It's hard to remember what my thought processes were when I was very small - I think it was possible to believe two contradictory ideas and not see that there was a problem.

I mean, if you're sleeping lightly hoping for a visit from the Tooth Fairy and you become vaguely aware that it's your Mum slightly lifting up your pillow looking for your tooth, you can put two and two together. But even so, just because the Tooth Fairy didn't come that night it doesn't mean she's non-existent.

Same thing at Christmas, you become aware that it's your Mum sneaking into your room to put your Christmas stocking on your bed but you can still think 'Santa's been'. And that phrase can still sound magical, even today. After all, there were more presents downstairs under the tree, even if they were all signed from your relatives.

Maybe I thought that my Mum knew Santa and the Tooth Fairy and had just come into my room with coins and presents at their behest. That I would have to wait until I was a grown-up before I'd be allowed to meet such magical beings.

So anyway, the big kids take that delight that only big kids can take when they disabuse small children of their illusions and you start to think of them as the fount of all wisdom. They'll tell you the stuff that the grown-ups don't want you to know.
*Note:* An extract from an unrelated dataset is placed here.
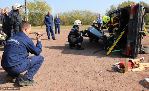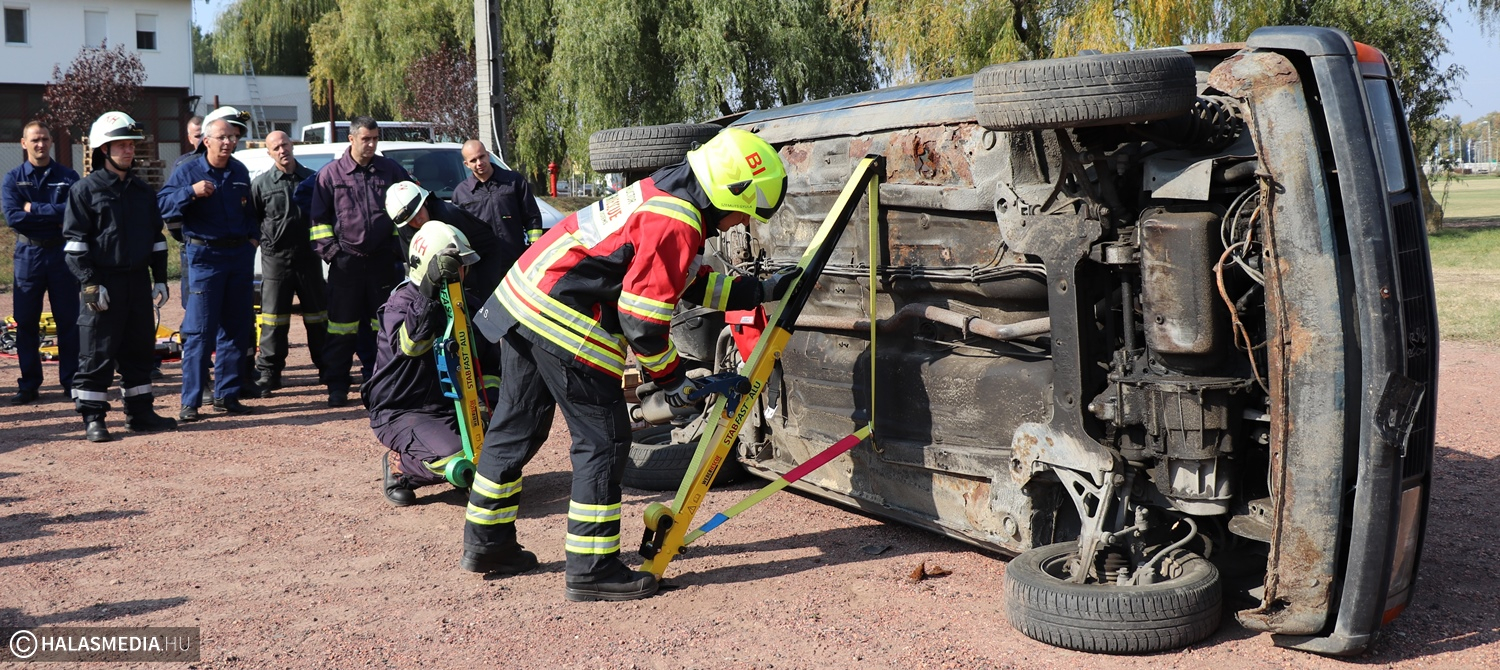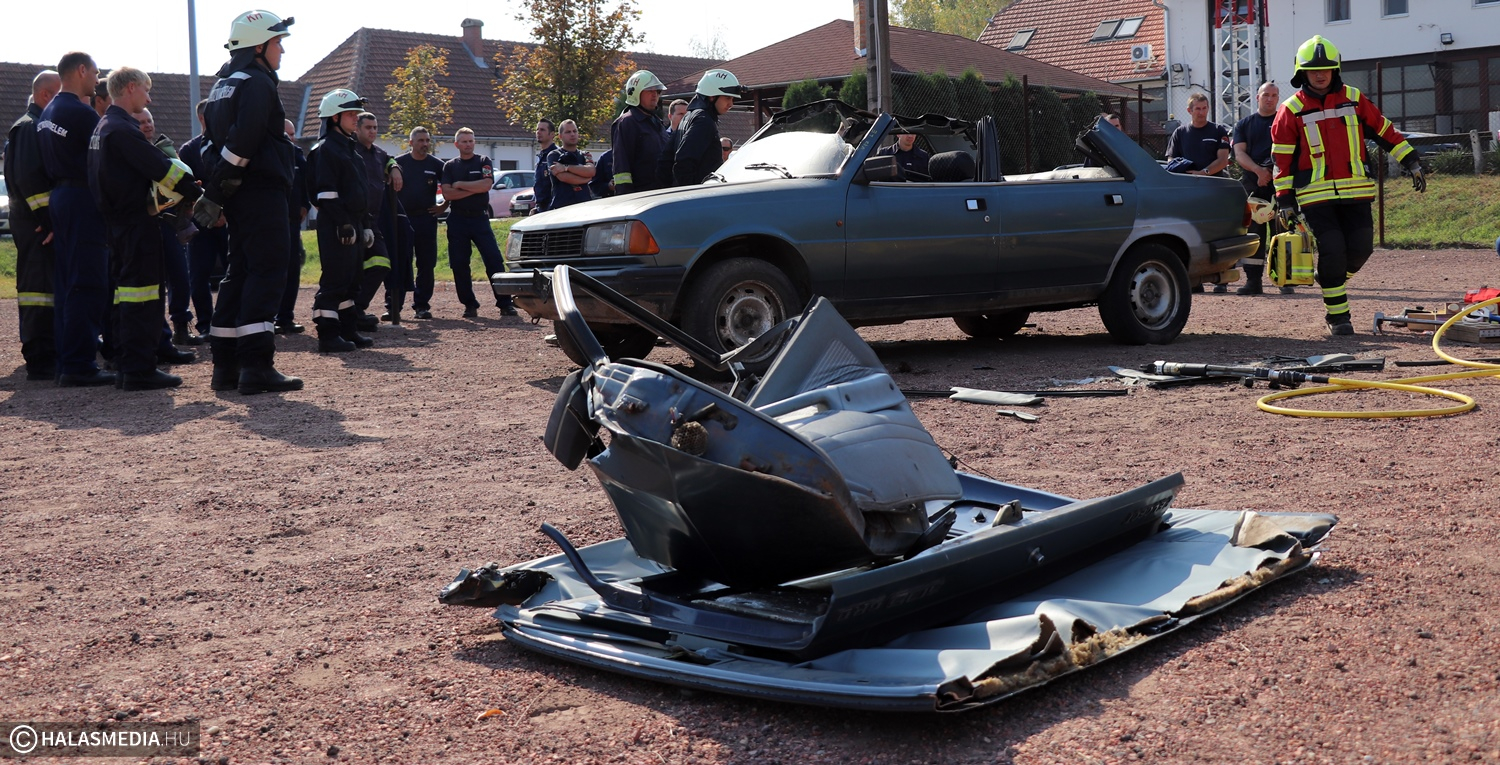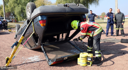 Beszorult sérült, műszaki mentés, feszítő-vágó. Gyakran olvasni ezekről egy-egy baleseti tudósításban. A statisztikák szerint egyre több ilyen jellegű beavatkozáshoz riasztják a tűzoltókat. A járművek karosszériája erősebb, korszerűbbek a védelmi rendszerek is, éppen ezért nem mindegy, hogy a sérültek kiszabadításához milyen eszközöket használnak. Ez volt a témája annak a szakmai napnak, amelynek a Kiskunhalasi Katasztrófavédelmi Kirendeltség volt a házigazdája.

Next thing you hear is some garbled nonsense about the mechanics of sex and that religion might not be true, either.

By then, you're used to being a bit naughty and finding stuff out that you're not supposed to know. The question of religion caused me a lot of thought over a few years and I'm not sure if I would have taken to questioning it so readily if I'd not got used to the idea that alternatives to the official story actually make more sense. Not saying that to knock people who do believe - we're all entitled to make sense of the world in our own way.

I wouldn't want to deny any little kid the magic and wonder of Christmas - even though I've grown up to dislike it intensely.

A couple of years ago I was walking past the local church and all the little ones from the school across the road trooped in - dressed up as shepherds and angels etc. in order to enact the Nativity Play. They were excited and I could imagine how their parents would react to their performance - a mixture of pride and hysterics, I thought.

So I wonder if it's possible to read stories of Santa and his reindeers to kids in the same way as we'd read them any other story. They'd know it's just a story, but their parents could still play a game of make-believe with them at Christmas. I knew the old guy in the department store wasn't the real Santa but it didn't stop me from being excited about going to see him.

And I'm not so mean as to object when anyone wishes me a Merry Christmas - Season's Greetings, everybody



edit on 16-12-2014 by berenike because: (no reason given)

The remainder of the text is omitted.